§ **What to work on**:
For each line in the records, produce an exact copy.

§ **Source information**:
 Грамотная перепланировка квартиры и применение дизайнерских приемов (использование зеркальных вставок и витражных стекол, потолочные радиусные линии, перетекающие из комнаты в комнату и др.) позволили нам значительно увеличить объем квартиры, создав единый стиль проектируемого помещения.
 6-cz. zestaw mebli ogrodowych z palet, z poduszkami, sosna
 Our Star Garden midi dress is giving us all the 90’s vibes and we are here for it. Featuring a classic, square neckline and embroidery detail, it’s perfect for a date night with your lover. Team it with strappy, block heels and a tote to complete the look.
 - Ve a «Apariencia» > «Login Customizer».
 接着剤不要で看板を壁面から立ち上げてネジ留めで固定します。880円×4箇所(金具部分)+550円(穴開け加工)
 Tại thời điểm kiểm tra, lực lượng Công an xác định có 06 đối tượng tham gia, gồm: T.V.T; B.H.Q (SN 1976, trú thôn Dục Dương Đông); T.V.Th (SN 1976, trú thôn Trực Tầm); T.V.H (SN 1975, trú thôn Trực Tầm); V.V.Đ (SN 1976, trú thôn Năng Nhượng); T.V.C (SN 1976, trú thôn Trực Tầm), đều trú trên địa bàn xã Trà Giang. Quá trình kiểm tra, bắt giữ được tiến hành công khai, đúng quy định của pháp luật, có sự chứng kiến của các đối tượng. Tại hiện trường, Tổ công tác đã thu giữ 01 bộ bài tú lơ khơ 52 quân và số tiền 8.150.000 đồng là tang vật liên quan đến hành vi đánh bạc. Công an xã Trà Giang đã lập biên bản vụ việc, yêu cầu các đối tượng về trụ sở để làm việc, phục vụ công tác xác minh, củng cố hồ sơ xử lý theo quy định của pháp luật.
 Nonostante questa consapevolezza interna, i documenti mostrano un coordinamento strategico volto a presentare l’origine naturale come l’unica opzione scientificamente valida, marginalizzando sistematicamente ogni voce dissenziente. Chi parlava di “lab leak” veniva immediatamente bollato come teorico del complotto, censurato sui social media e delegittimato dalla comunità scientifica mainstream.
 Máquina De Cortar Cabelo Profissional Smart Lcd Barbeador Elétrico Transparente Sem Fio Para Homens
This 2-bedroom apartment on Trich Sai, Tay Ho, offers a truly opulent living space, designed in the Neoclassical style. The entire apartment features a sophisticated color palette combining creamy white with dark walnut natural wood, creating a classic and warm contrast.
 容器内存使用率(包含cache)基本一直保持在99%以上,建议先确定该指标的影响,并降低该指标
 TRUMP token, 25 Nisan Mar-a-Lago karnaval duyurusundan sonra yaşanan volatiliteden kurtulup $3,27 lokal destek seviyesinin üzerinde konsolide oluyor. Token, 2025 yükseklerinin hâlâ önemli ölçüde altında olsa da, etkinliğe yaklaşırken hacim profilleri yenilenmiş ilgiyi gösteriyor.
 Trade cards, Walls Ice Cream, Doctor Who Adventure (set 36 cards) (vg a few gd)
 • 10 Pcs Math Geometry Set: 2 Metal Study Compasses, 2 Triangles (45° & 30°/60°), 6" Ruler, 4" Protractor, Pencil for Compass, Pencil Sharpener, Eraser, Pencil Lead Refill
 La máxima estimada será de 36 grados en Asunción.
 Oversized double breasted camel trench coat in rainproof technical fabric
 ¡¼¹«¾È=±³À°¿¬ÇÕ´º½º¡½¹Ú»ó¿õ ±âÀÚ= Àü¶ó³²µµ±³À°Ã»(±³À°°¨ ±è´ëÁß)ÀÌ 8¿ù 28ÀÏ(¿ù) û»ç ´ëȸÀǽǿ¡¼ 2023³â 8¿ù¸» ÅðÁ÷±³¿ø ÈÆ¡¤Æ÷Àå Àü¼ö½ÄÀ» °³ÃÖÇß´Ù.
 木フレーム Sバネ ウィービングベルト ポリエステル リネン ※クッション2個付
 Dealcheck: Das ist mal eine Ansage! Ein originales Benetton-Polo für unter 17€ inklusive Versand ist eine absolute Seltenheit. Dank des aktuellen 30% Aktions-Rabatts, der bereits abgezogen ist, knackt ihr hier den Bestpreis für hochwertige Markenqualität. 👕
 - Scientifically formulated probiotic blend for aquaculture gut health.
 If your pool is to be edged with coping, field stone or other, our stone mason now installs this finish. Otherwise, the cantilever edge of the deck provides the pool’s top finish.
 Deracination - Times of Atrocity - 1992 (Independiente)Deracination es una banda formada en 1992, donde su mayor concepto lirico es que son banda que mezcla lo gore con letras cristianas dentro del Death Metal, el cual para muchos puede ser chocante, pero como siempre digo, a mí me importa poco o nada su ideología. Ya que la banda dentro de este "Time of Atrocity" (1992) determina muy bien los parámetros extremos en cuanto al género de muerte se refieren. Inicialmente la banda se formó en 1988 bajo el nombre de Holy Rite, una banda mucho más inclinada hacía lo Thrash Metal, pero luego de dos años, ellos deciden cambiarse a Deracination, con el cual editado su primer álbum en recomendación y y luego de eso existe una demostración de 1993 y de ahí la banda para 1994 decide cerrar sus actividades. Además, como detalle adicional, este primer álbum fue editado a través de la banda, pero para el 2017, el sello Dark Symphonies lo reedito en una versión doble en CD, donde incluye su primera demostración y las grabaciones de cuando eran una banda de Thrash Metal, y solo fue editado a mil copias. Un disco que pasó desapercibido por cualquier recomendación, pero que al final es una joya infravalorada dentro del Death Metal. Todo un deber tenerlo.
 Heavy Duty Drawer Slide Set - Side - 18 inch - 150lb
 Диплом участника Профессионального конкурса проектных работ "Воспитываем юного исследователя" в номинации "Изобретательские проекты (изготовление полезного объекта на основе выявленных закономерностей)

§ **Task answer**:
 Грамотная перепланировка квартиры и применение дизайнерских приемов (использование зеркальных вставок и витражных стекол, потолочные радиусные линии, перетекающие из комнаты в комнату и др.) позволили нам значительно увеличить объем квартиры, создав единый стиль проектируемого помещения.
 6-cz. zestaw mebli ogrodowych z palet, z poduszkami, sosna
 Our Star Garden midi dress is giving us all the 90’s vibes and we are here for it. Featuring a classic, square neckline and embroidery detail, it’s perfect for a date night with your lover. Team it with strappy, block heels and a tote to complete the look.
 - Ve a «Apariencia» > «Login Customizer».
 接着剤不要で看板を壁面から立ち上げてネジ留めで固定します。880円×4箇所(金具部分)+550円(穴開け加工)
 Tại thời điểm kiểm tra, lực lượng Công an xác định có 06 đối tượng tham gia, gồm: T.V.T; B.H.Q (SN 1976, trú thôn Dục Dương Đông); T.V.Th (SN 1976, trú thôn Trực Tầm); T.V.H (SN 1975, trú thôn Trực Tầm); V.V.Đ (SN 1976, trú thôn Năng Nhượng); T.V.C (SN 1976, trú thôn Trực Tầm), đều trú trên địa bàn xã Trà Giang. Quá trình kiểm tra, bắt giữ được tiến hành công khai, đúng quy định của pháp luật, có sự chứng kiến của các đối tượng. Tại hiện trường, Tổ công tác đã thu giữ 01 bộ bài tú lơ khơ 52 quân và số tiền 8.150.000 đồng là tang vật liên quan đến hành vi đánh bạc. Công an xã Trà Giang đã lập biên bản vụ việc, yêu cầu các đối tượng về trụ sở để làm việc, phục vụ công tác xác minh, củng cố hồ sơ xử lý theo quy định của pháp luật.
 Nonostante questa consapevolezza interna, i documenti mostrano un coordinamento strategico volto a presentare l’origine naturale come l’unica opzione scientificamente valida, marginalizzando sistematicamente ogni voce dissenziente. Chi parlava di “lab leak” veniva immediatamente bollato come teorico del complotto, censurato sui social media e delegittimato dalla comunità scientifica mainstream.
 Máquina De Cortar Cabelo Profissional Smart Lcd Barbeador Elétrico Transparente Sem Fio Para Homens
This 2-bedroom apartment on Trich Sai, Tay Ho, offers a truly opulent living space, designed in the Neoclassical style. The entire apartment features a sophisticated color palette combining creamy white with dark walnut natural wood, creating a classic and warm contrast.
 容器内存使用率(包含cache)基本一直保持在99%以上,建议先确定该指标的影响,并降低该指标
 TRUMP token, 25 Nisan Mar-a-Lago karnaval duyurusundan sonra yaşanan volatiliteden kurtulup $3,27 lokal destek seviyesinin üzerinde konsolide oluyor. Token, 2025 yükseklerinin hâlâ önemli ölçüde altında olsa da, etkinliğe yaklaşırken hacim profilleri yenilenmiş ilgiyi gösteriyor.
 Trade cards, Walls Ice Cream, Doctor Who Adventure (set 36 cards) (vg a few gd)
 • 10 Pcs Math Geometry Set: 2 Metal Study Compasses, 2 Triangles (45° & 30°/60°), 6" Ruler, 4" Protractor, Pencil for Compass, Pencil Sharpener, Eraser, Pencil Lead Refill
 La máxima estimada será de 36 grados en Asunción.
 Oversized double breasted camel trench coat in rainproof technical fabric
 ¡¼¹«¾È=±³À°¿¬ÇÕ´º½º¡½¹Ú»ó¿õ ±âÀÚ= Àü¶ó³²µµ±³À°Ã»(±³À°°¨ ±è´ëÁß)ÀÌ 8¿ù 28ÀÏ(¿ù) û»ç ´ëȸÀǽǿ¡¼ 2023³â 8¿ù¸» ÅðÁ÷±³¿ø ÈÆ¡¤Æ÷Àå Àü¼ö½ÄÀ» °³ÃÖÇß´Ù.
 木フレーム Sバネ ウィービングベルト ポリエステル リネン ※クッション2個付
 Dealcheck: Das ist mal eine Ansage! Ein originales Benetton-Polo für unter 17€ inklusive Versand ist eine absolute Seltenheit. Dank des aktuellen 30% Aktions-Rabatts, der bereits abgezogen ist, knackt ihr hier den Bestpreis für hochwertige Markenqualität. 👕
 - Scientifically formulated probiotic blend for aquaculture gut health.
 If your pool is to be edged with coping, field stone or other, our stone mason now installs this finish. Otherwise, the cantilever edge of the deck provides the pool’s top finish.
 Deracination - Times of Atrocity - 1992 (Independiente)Deracination es una banda formada en 1992, donde su mayor concepto lirico es que son banda que mezcla lo gore con letras cristianas dentro del Death Metal, el cual para muchos puede ser chocante, pero como siempre digo, a mí me importa poco o nada su ideología. Ya que la banda dentro de este "Time of Atrocity" (1992) determina muy bien los parámetros extremos en cuanto al género de muerte se refieren. Inicialmente la banda se formó en 1988 bajo el nombre de Holy Rite, una banda mucho más inclinada hacía lo Thrash Metal, pero luego de dos años, ellos deciden cambiarse a Deracination, con el cual editado su primer álbum en recomendación y y luego de eso existe una demostración de 1993 y de ahí la banda para 1994 decide cerrar sus actividades. Además, como detalle adicional, este primer álbum fue editado a través de la banda, pero para el 2017, el sello Dark Symphonies lo reedito en una versión doble en CD, donde incluye su primera demostración y las grabaciones de cuando eran una banda de Thrash Metal, y solo fue editado a mil copias. Un disco que pasó desapercibido por cualquier recomendación, pero que al final es una joya infravalorada dentro del Death Metal. Todo un deber tenerlo.
 Heavy Duty Drawer Slide Set - Side - 18 inch - 150lb
 Диплом участника Профессионального конкурса проектных работ "Воспитываем юного исследователя" в номинации "Изобретательские проекты (изготовление полезного объекта на основе выявленных закономерностей)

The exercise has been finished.